BoG Governor Outlines Reforms to Ease SME Integration Into Global Value Chains
Ghana’s central bank governor, Johnson Asiama, has pledged to accelerate financial reforms aimed at integrating small and medium-sized enterprises into regional and global value chains, arguing that the country’s competitiveness depends on broadening SME access to finance and foreign exchange.
Speaking at a workshop in Accra organised by the Ghana Association of Banks in collaboration with Afreximbank, the AfDB and the Trade and Development Bank, Asiama said Ghana’s recent macroeconomic stabilisation — marked by disinflation, stronger reserves and improving investor confidence — provides a “foundation on which our SMEs must now thrive.”
He warned, however, that persistent financing gaps, high compliance costs and currency volatility risk excluding local firms from structured supply chains in agribusiness, manufacturing and digital services. “The path to global value chains starts at home,” he noted, urging greater investment in domestic capacity and regional trade under the AfCFTA as stepping stones to global competitiveness.

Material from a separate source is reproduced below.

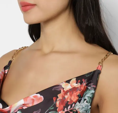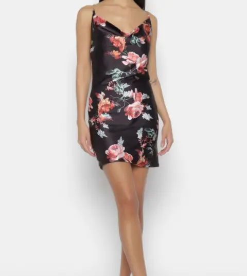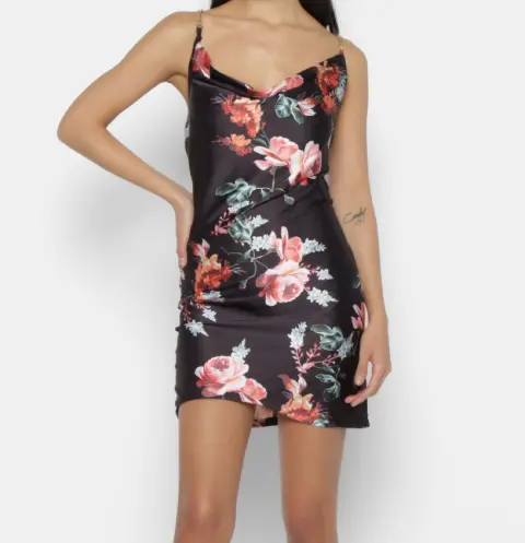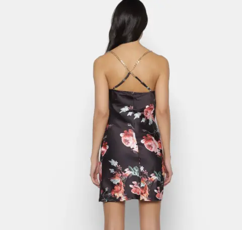 Hermoso vestido satinado color negro con estampado de flores, tirantes de cadenas color dorado talla chica marca Guess, da hasta talla mediana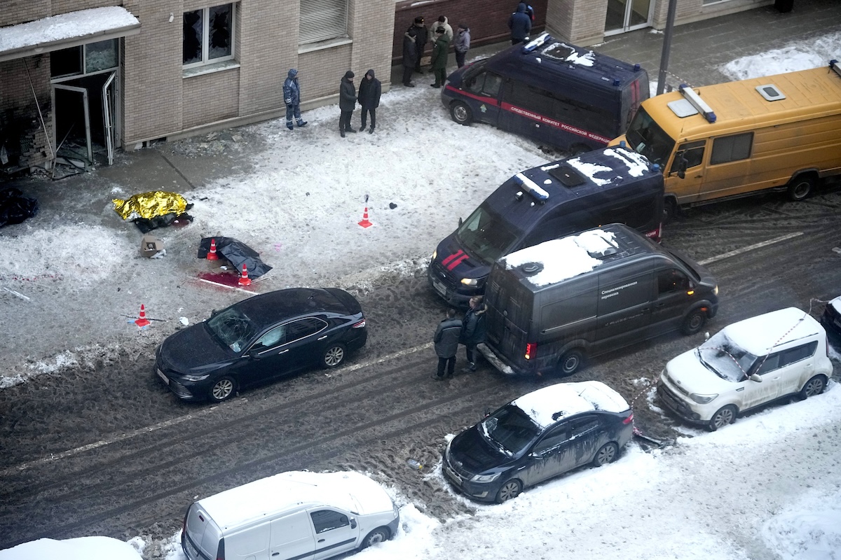 Il luogo in cui è stato ucciso il generale russo Igor Kirilliov, Mosca, 17 dicembre 2024 (AP Photo)

Asiama pressed commercial banks to move “beyond collateral-based lending” towards cashflow finance, supply-chain models and blended arrangements with development finance institutions. He added that the Bank of Ghana’s reforms — from strengthening bank capital and credit infrastructure to promoting digital rails and green finance — were designed to “equip Ghanaian enterprises with a transparent, predictable environment that enables them to compete confidently.”
The governor also defended recent foreign exchange market reforms, which include stricter reporting requirements, tighter anti-speculation rules and a push for dedollarisation. These, he said, are intended to stabilise the cedi, reduce volatility and provide SMEs with more predictable access to foreign exchange for trade and investment.
“As sustainability becomes a prerequisite for global market access, Ghana cannot afford to lag behind,” Asiama said, urging banks to align lending with green and transition finance.